What you will do =>
Retype nothing but the lines from the start of the material up to and including the line with "Blisko w palecie". Pictures don't belong in the copy.
##### Given material
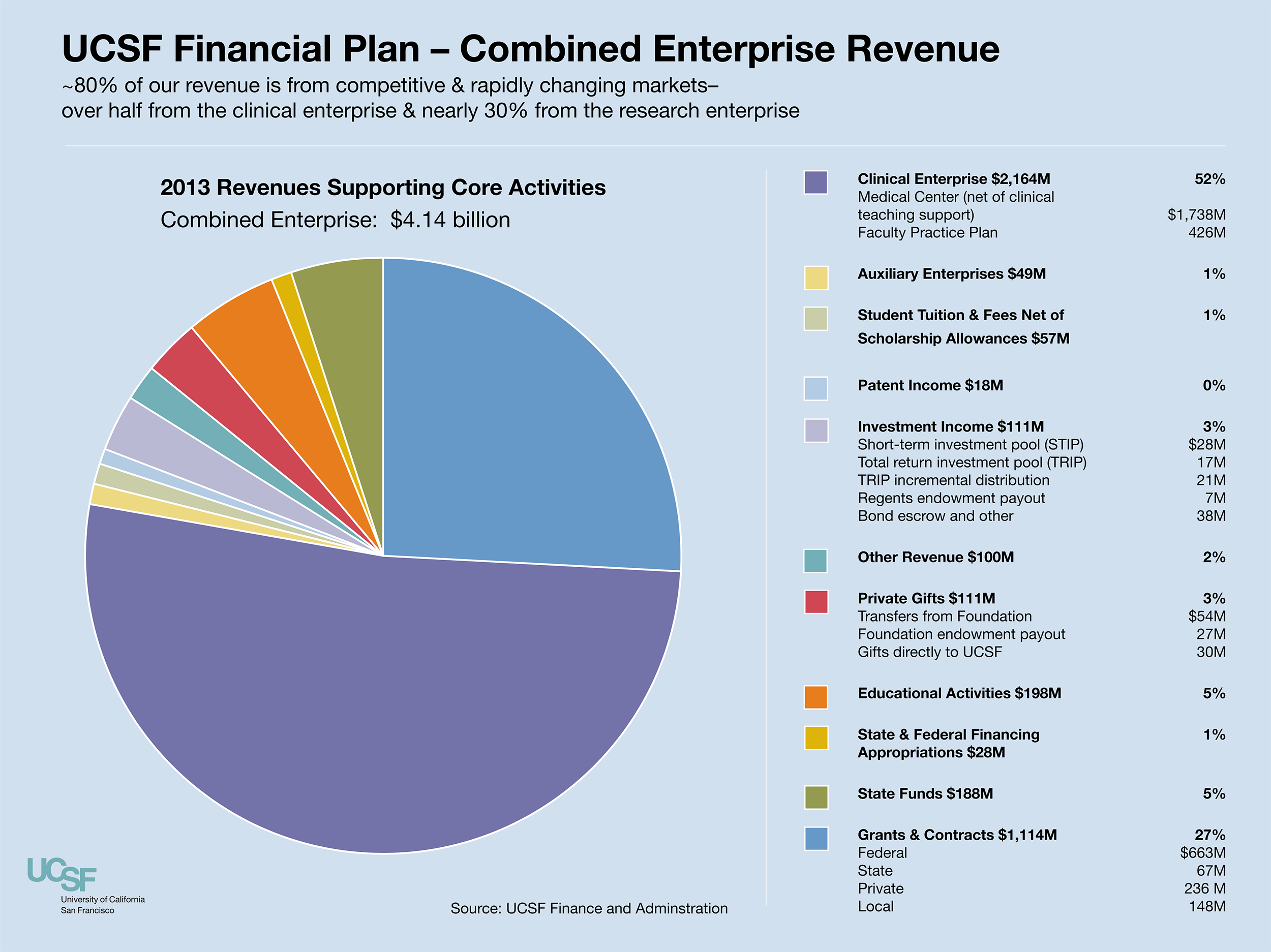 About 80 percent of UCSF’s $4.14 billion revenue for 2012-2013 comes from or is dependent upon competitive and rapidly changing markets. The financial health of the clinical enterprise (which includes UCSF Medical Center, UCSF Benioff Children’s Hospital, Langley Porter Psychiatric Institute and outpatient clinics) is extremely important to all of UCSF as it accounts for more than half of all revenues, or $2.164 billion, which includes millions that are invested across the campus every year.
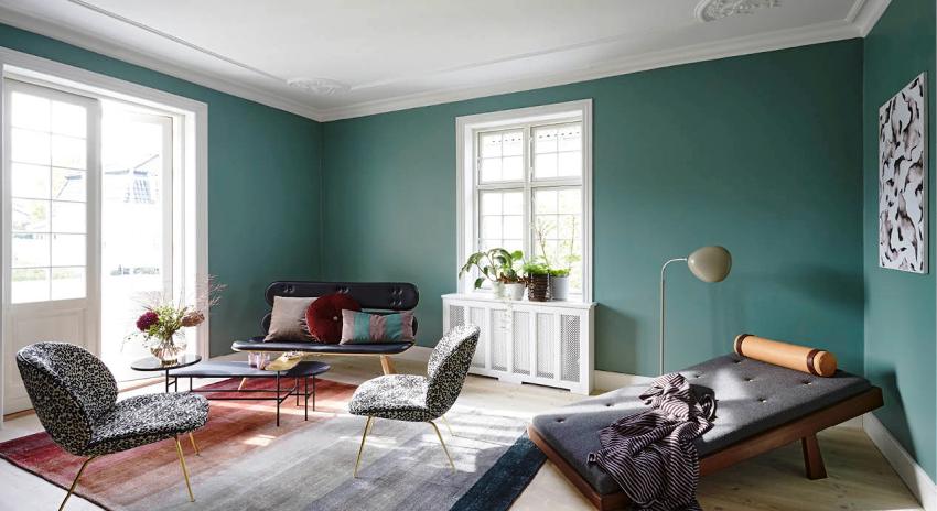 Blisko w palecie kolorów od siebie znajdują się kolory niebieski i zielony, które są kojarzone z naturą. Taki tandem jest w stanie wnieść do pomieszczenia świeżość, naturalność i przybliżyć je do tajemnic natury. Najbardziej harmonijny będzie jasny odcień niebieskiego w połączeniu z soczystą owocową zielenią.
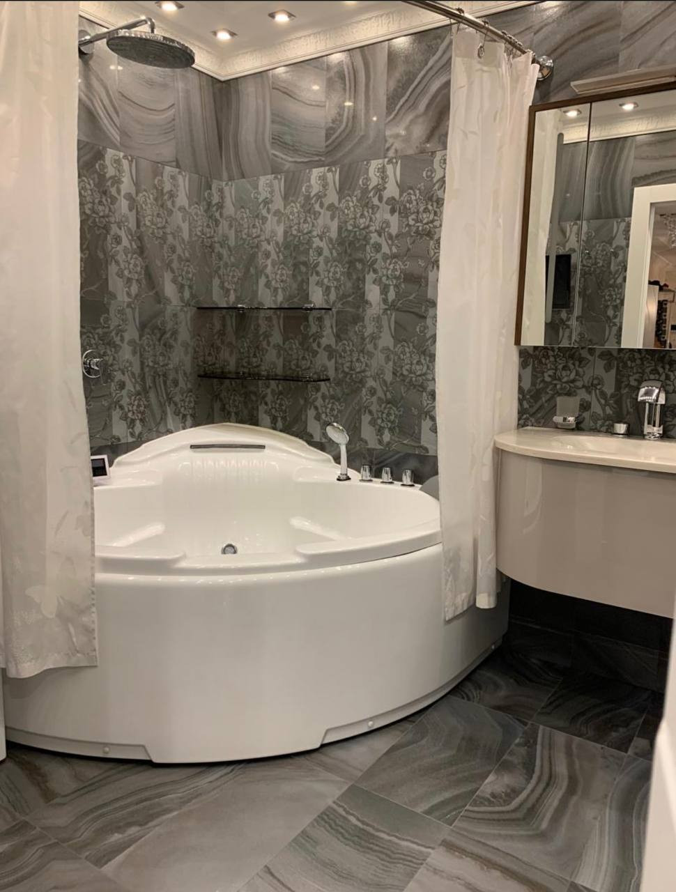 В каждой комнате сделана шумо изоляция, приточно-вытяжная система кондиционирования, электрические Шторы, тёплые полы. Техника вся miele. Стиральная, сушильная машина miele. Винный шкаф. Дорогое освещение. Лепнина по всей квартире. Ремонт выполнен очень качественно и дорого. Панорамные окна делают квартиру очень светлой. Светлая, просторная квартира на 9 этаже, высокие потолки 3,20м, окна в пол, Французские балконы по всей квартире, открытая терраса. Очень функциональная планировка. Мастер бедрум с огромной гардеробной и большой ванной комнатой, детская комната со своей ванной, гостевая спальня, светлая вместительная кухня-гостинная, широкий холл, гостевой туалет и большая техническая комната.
##########
Exercise result =>
 About 80 percent of UCSF’s $4.14 billion revenue for 2012-2013 comes from or is dependent upon competitive and rapidly changing markets. The financial health of the clinical enterprise (which includes UCSF Medical Center, UCSF Benioff Children’s Hospital, Langley Porter Psychiatric Institute and outpatient clinics) is extremely important to all of UCSF as it accounts for more than half of all revenues, or $2.164 billion, which includes millions that are invested across the campus every year.
 Blisko w palecie kolorów od siebie znajdują się kolory niebieski i zielony, które są kojarzone z naturą. Taki tandem jest w stanie wnieść do pomieszczenia świeżość, naturalność i przybliżyć je do tajemnic natury. Najbardziej harmonijny będzie jasny odcień niebieskiego w połączeniu z soczystą owocową zielenią.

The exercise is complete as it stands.